## Work request
Retype the entries, please, from their first line to the line containing "11번가에서 진행되는 이번", exactly and only those lines, minus the pictures.

---

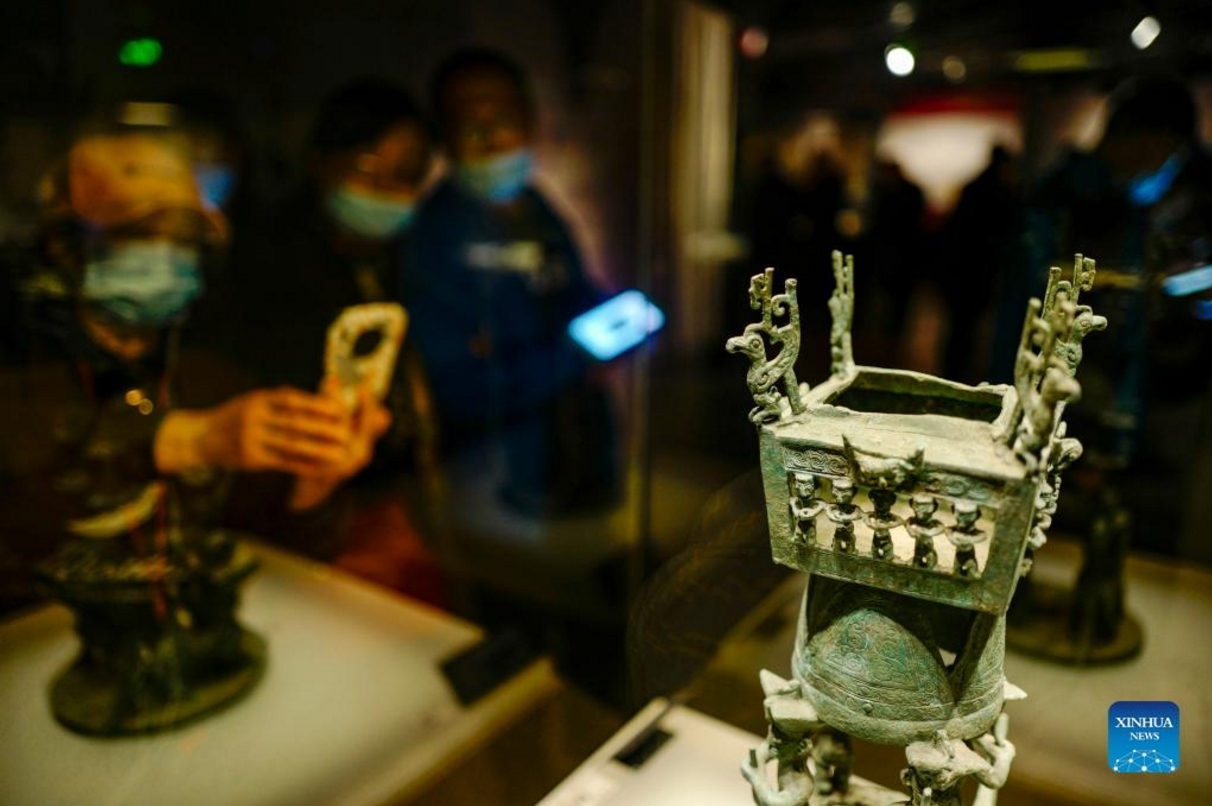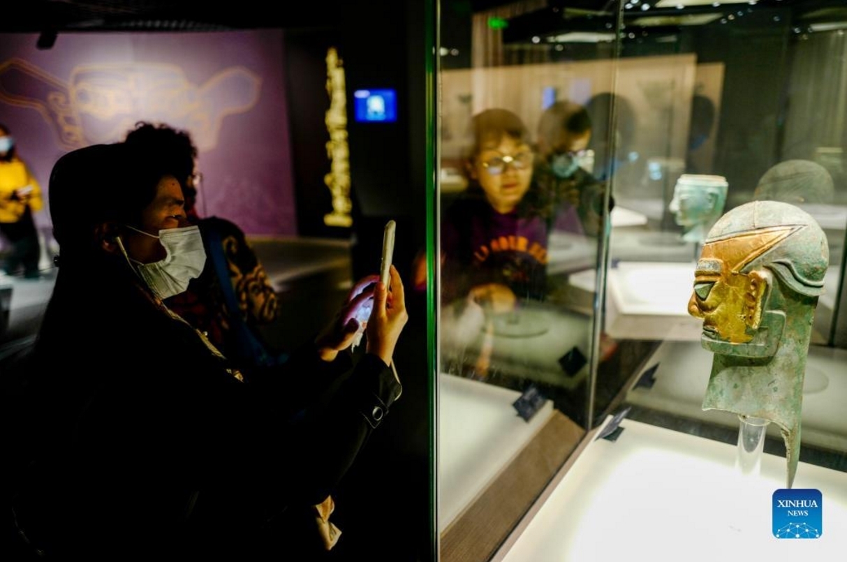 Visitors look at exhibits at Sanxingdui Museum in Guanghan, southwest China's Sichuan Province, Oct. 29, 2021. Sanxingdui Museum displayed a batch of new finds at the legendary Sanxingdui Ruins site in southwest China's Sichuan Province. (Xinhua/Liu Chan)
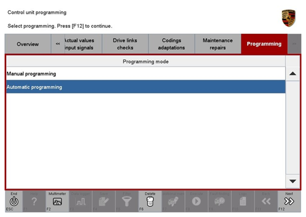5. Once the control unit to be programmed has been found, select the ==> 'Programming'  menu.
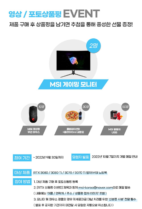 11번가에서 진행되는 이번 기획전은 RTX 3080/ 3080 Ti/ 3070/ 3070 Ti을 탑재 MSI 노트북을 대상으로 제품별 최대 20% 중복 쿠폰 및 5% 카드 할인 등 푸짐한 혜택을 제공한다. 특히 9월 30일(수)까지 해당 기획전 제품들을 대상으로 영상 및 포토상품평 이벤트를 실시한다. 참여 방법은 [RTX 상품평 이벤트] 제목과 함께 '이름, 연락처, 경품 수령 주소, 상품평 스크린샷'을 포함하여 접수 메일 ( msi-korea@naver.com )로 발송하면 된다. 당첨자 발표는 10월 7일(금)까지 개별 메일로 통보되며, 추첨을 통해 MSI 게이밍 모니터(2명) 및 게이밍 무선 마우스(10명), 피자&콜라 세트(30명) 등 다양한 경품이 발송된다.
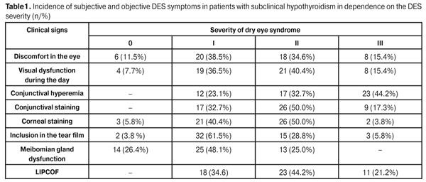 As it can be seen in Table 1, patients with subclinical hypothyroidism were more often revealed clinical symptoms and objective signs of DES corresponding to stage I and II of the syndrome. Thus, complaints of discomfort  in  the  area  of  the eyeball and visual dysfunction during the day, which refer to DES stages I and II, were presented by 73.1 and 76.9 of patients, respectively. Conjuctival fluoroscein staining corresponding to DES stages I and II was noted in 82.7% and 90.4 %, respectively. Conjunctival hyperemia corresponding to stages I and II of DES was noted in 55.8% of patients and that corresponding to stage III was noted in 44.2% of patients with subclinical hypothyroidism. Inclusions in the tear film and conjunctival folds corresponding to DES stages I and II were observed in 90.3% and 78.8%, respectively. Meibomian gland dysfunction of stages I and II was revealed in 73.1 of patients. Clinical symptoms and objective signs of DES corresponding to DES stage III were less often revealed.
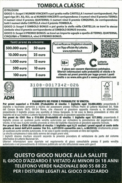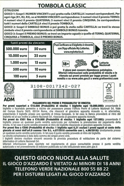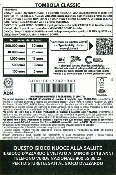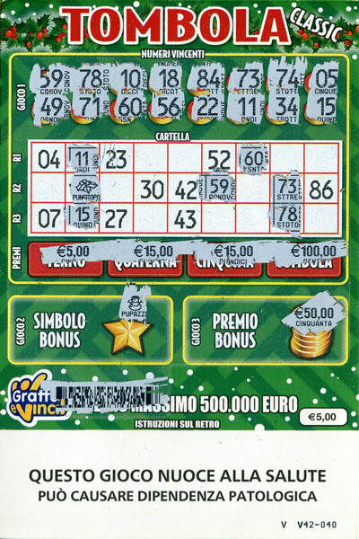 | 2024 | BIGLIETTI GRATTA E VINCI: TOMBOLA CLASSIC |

---

## Written response
 Visitors look at exhibits at Sanxingdui Museum in Guanghan, southwest China's Sichuan Province, Oct. 29, 2021. Sanxingdui Museum displayed a batch of new finds at the legendary Sanxingdui Ruins site in southwest China's Sichuan Province. (Xinhua/Liu Chan)
5. Once the control unit to be programmed has been found, select the ==> 'Programming'  menu.
 11번가에서 진행되는 이번 기획전은 RTX 3080/ 3080 Ti/ 3070/ 3070 Ti을 탑재 MSI 노트북을 대상으로 제품별 최대 20% 중복 쿠폰 및 5% 카드 할인 등 푸짐한 혜택을 제공한다. 특히 9월 30일(수)까지 해당 기획전 제품들을 대상으로 영상 및 포토상품평 이벤트를 실시한다. 참여 방법은 [RTX 상품평 이벤트] 제목과 함께 '이름, 연락처, 경품 수령 주소, 상품평 스크린샷'을 포함하여 접수 메일 ( msi-korea@naver.com )로 발송하면 된다. 당첨자 발표는 10월 7일(금)까지 개별 메일로 통보되며, 추첨을 통해 MSI 게이밍 모니터(2명) 및 게이밍 무선 마우스(10명), 피자&콜라 세트(30명) 등 다양한 경품이 발송된다.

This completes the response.